张建勋，王战辉，王亚辉，吴小平，李建成，王照鹏，江海洋，沈建忠

（1.中国农业大学动物医学院，北京 海淀 100193；2.辽宁省畜牧兽医局，辽宁 沈阳 110001；3.北京维德维康生物技术有限公司，北京 海淀 100085）

三聚氰胺（Melamine，MEL）是典型的三嗪类化合物，分子式为C3H6N6，主要用于生产三聚氰胺甲醛树脂。目前食品和饲料工业蛋白质含量测试大多采用测定总氮的方法，因三聚氰胺含氮量高达66%左右［1］，故而常被非法添加至食品和饲料中以提高蛋白质含量指标，给消费者健康带来危害。

目前，关于检测食品及饲料中三聚氰胺的残留的方法，国内外已有很多报道，其中包括高效液相色谱 法 （HPLC）［2］、高 效 液 相 色 谱－串 联 质 谱 法（HPLC-MS／MS）［3－4］、气相色谱－质谱法（GC-MS）［5］等。这些方法虽能准确检测，但都需要大型仪器，样品前处理步骤复杂、耗时，因此，建立灵敏、准确、快速的检测方法是非常必要的。

本试验通过制备三聚氰胺抗原、抗体，建立牛奶及奶粉中三聚氰胺快速检测的酶联免疫检测方法，为进一步研制牛奶及奶粉中三聚氰胺快速检测试剂盒奠定基础。

1 材料

1.1 主要试剂 三聚氰胺（Melamine，99.0%），牛血清白蛋白（BSA），卵清蛋白（OVA），N，N-二环己基碳二亚胺（DCC），N-羟基琥珀酰亚胺（NHS），弗氏完全佐剂，弗氏不完全佐剂，聚乙二醇（PEG），均购 自 Sigma 公 司；4，6-二 氨 基-2-氯-1，3，5-三 嗪（CAAT，98.0%），购自北京易莱西诺生物科技有限公司；对氨基苯丁酸及其他试剂均为分析纯，购自北京化学试剂有限公司；DMEM培养基，HAT，HT培养基，购自Gibco公司。

1.2 主要溶液（0.02 mol／L，p H 值7.2 PBS；包被液（0.05 mol／L，p H 值9.6 碳酸盐缓冲液） 洗涤液（含0.05%吐温20的 PBS）；封闭液（2%包被液）；样品稀释液（Na2HPO4·12H2O 12.48 g，Na H2PO4·2H2O 7.04 g，加水至400 m L）.

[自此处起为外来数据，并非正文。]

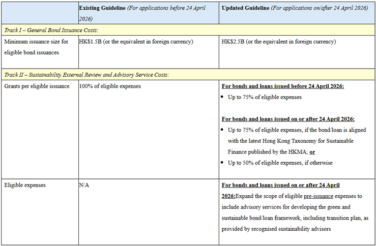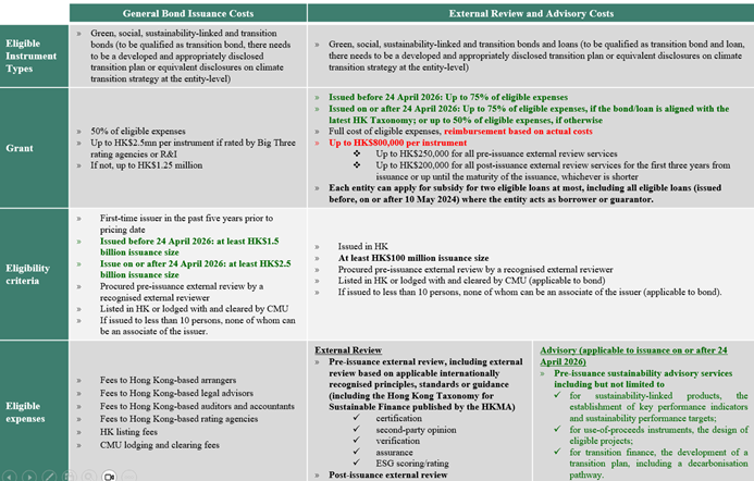 (i) incentivise larger-scale bond issuance in Hong Kong, (ii) further promote the competitiveness of Hong Kong’s GSF ecosystem, and (iii) enhance support for new entrants to the GSF market and emerging areas, such as transition finance
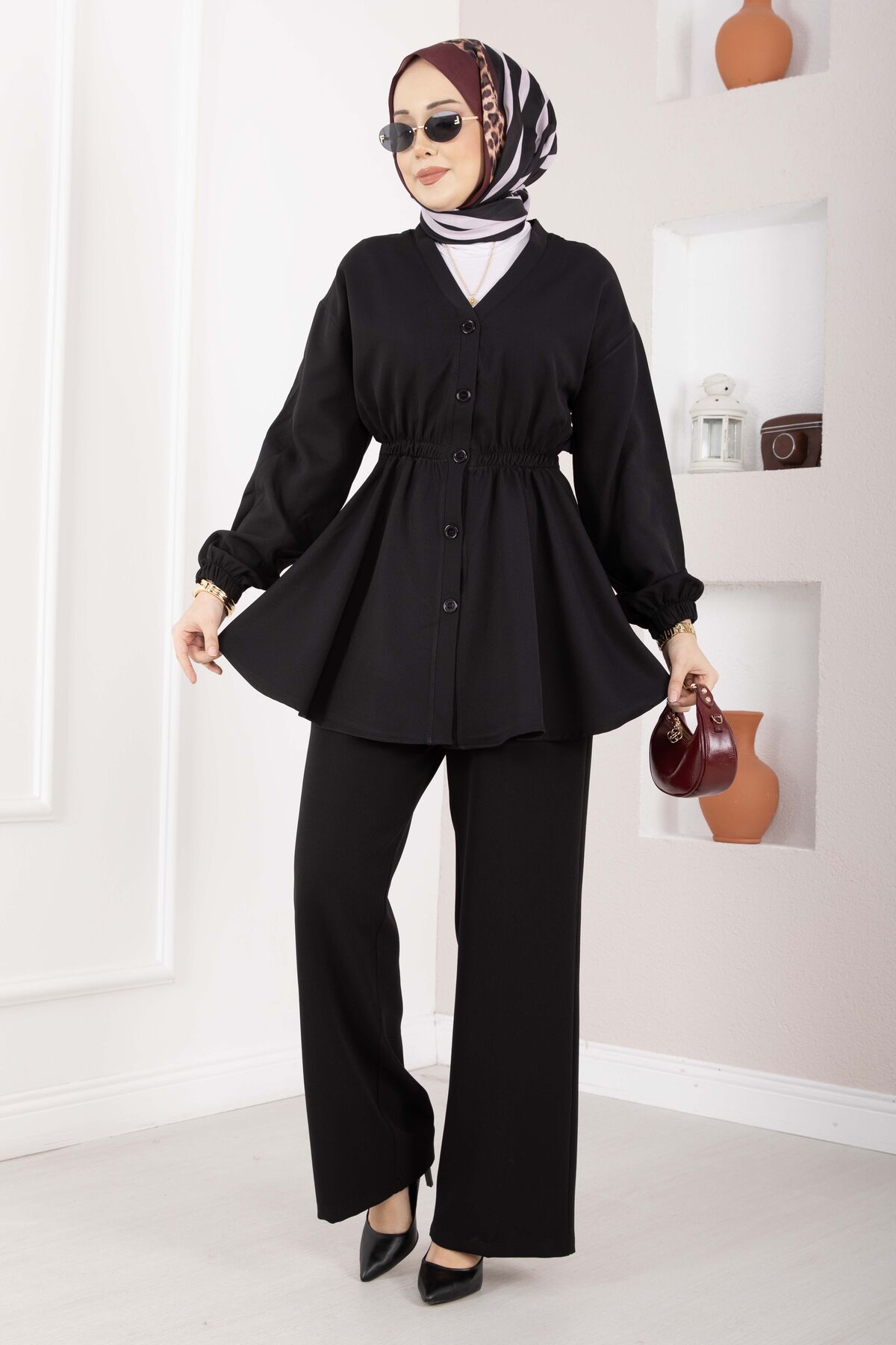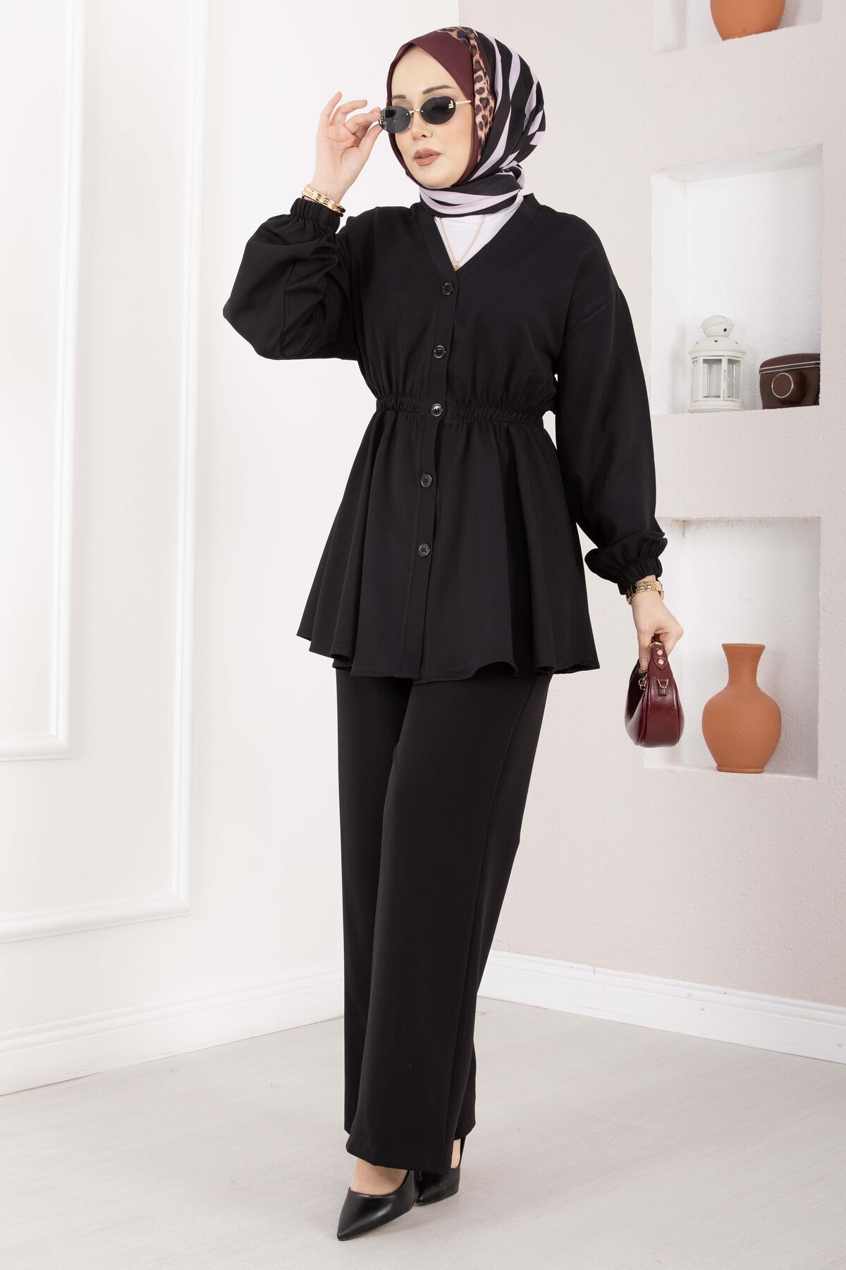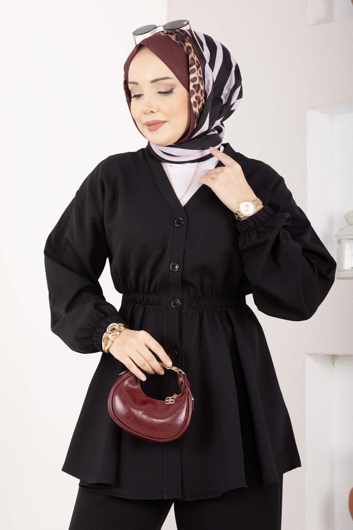 Şıklık ve konforu bir arada sunan Silva Beli Büzgülü Tunik Takım, modern ve zarif tasarımıyla günlük kombinlerinize estetik bir dokunuş katar. Önden düğmeli tunik modeli ve beli büzgülü yapısı sayesinde hem feminen hem de rahat bir duruş sunar. Gün boyu konforlu kullanım sağlar.

1.3 试验动物和融合细胞 BALB／c小鼠，购自北京实验动物研究中心；SP2／0细胞，由农业部兽医诊断中心惠赠。

2 方法

2.1 三聚氰胺免疫原和包被原的合成 称取CAAT 0.430 g悬浮于10 m L无水乙醇中，加入0.5 g对氨基苯丁酸，加入KOH，使其终浓度为85%；反应混合物75℃水浴回流24 h，分别在16 h和19 h的时候，加入0.37 g对氨基苯丁酸和180 mg KOH；产物过滤，减压蒸馏，获得油状物质。产物溶解于30 m L 5%碳酸钠溶液，10 m L二氯甲烷洗涤两次，水相用浓盐酸调p H值至1，收集沉淀，干燥获得三聚氰胺半抗原，命名为p-ABTAAT。

p-ABTAAT溶解于N，N-二甲基甲酰胺，分别加入等摩尔数的DCC和NHS，室温反应12 h，离心，除去沉淀，得到溶液Ⅰ；向溶液Ⅰ中加入溶有100 mg BSA或67 mg OVA的水溶液5 m L，室温反应12 h；反应液用蒸馏水透析5 d，离心分离出上清液，即得到三聚氰胺免疫原或包被原p-ABTAAT-BSA（或p-ABTAAT-OVA）。

2.2 动物免疫 取100μg p-ABTAAT-BSA偶联物，加等量弗氏佐剂，制成乳化剂，免疫8周龄雌性BALB／c小鼠5只，免疫6次，每次间隔2周。除最后1次免疫为腹腔注射外，其余均为颈背部皮下多点注射。3免后7～10 d，小鼠眼眶采血，采用间接ELISA方法测定血清效价。

2.3 三聚氰胺单克隆抗体的制备

2.3.1 细胞融合 选取血清效价高和抑制效果好的小鼠用作融合。取小鼠脾细胞与SP2／0细胞在PEG2000作用下融合。将融合后细胞悬液加入到铺有饲养细胞的96孔板中，以HAT和HT培养基选择培养。

2.3.2 杂交瘤细胞筛选及克隆化 融合后7～10 d采用间接ELISA方法筛选效价高的阳性细胞，再采用间接竞争ELISA方法检测阳性细胞分泌的抗体是否对三聚氰胺具有特异性。选择OD值较高且克隆数目较少的阳性细胞进行4次亚克隆。

2.3.3 单克隆抗体的生产 取雌性BALB／c小鼠，注射灭菌石蜡油0.5 m L／只，7～15 d腹腔注射阳性克隆杂交瘤细胞0.5×106／m L～1×106／m L／只。10 d后，抽取小鼠腹水。经辛酸－饱和硫酸铵法提纯，分装冻干保存。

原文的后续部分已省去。